Google AI has just released a new version (V6) of their photo dataset Open Images, which now includes an entirely new type of annotation called localized narratives. These multimodal descriptions of images incorporate synchronized voice, text, and mouse trace annotations that provide more in-depth training data for what is already one of the largest open "source annotated" image datasets in the world.
Since the initial release in 2016, the Open Images dataset has grown to hold over 9 million annotated images, and V6 adds millions of new data points to the already impressive corpus. It has become widely adopted by the computer vision community, especially by those working on object recognition and autonomous driving. The ultimate goal of Open Images V6 is to aid progress towards genuine scene understanding by unifying the dataset for image classification, object detection, visual relationship detection, instance segmentation, and multimodal image descriptions. Along with the data, Open Images Challenges are held yearly in order to push the boundaries of common computer vision tasks. Google research scientist Jordi Pont-Tuset notes:
"Along with the data set itself, the associated Open Images challenges have spurred the latest advances in object detection, instance segmentation, and visual relationship detection".
Localized narratives provide spoken descriptions of images which are grounded by the annotator's mouse which hovers over each region of the image that they are describing. Since the voice and the mouse pointer are synchronized, every word in the description can be localized. The mouse traces are seen as a more natural way for humans to provide a sequence of grounding locations, compared to the current standard of listing bounding boxes.

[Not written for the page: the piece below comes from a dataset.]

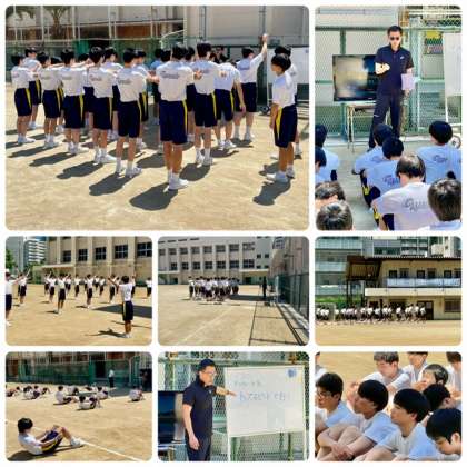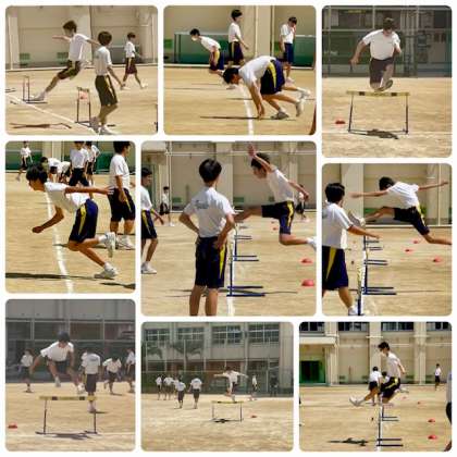 5時間目、進藤先生が3年2・3組の男子体育の公開授業を行いました。昨日までの大阪市中学校春季総合体育大会に出場した生徒は疲れが残っていた様子で、気温が上昇してしんどい中、ハードル走の学習をしました。1・2年で学んだ内容をもとにアプローチをトップスピードにする方法を身につけようと学習しました。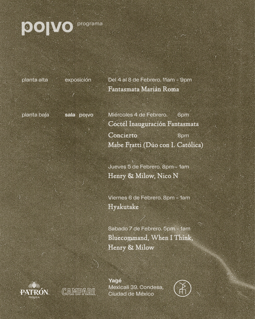 La muestra se inaugura el Miércoles 4 de febrero de 2026 en Yagé (La Cueva Urbana) ,un espacio multidisciplinario donde la gastronomía, el arte y la música convergen con lo desconocido y lo atemporal, ubicado en la Colonia Condesa.

Here is an example of an annotator in action.
V6 provides 507,000 localized narratives like the one shown in the above example. The total length of mouse traces is ~6400 kilometres long, and if the narratives were to be read aloud continuously, it would ~1.5 years to listen to.
The release also includes 1,400 more visual relationship annotations (e.g. "man riding a skateboard") and 25 million annotations of humans performing standalone actions.
The process for obtaining the localized narrative data is slightly different than that for the other Open Images annotation types.
The annotations are in JSON Lines format. Here is a sample annotation:
{
dataset_id: 'mscoco_val2017',
image_id: '137576',
annotator_id: 93,
caption: 'In this image there are group of cows standing and eating th...',
timed_caption: [{'utterance': 'In this', 'start_time': 0.0, 'end_time': 0.4}, ...],
traces: [[{'x': 0.2086, 'y': -0.0533, 't': 0.022}, ...], ...],
voice_recording: 'coco_val/coco_val_137576_93.ogg'
}
To get started with V6, navigate to the GitHub repository to download the data and use the code.
Google envisions that a wide range of research will benefit from the improved data set. Some areas include assistive technology for the visually impaired, supervised CV training, image generation, image retrieval, grounded speech recognition, and voice-driven environment navigation.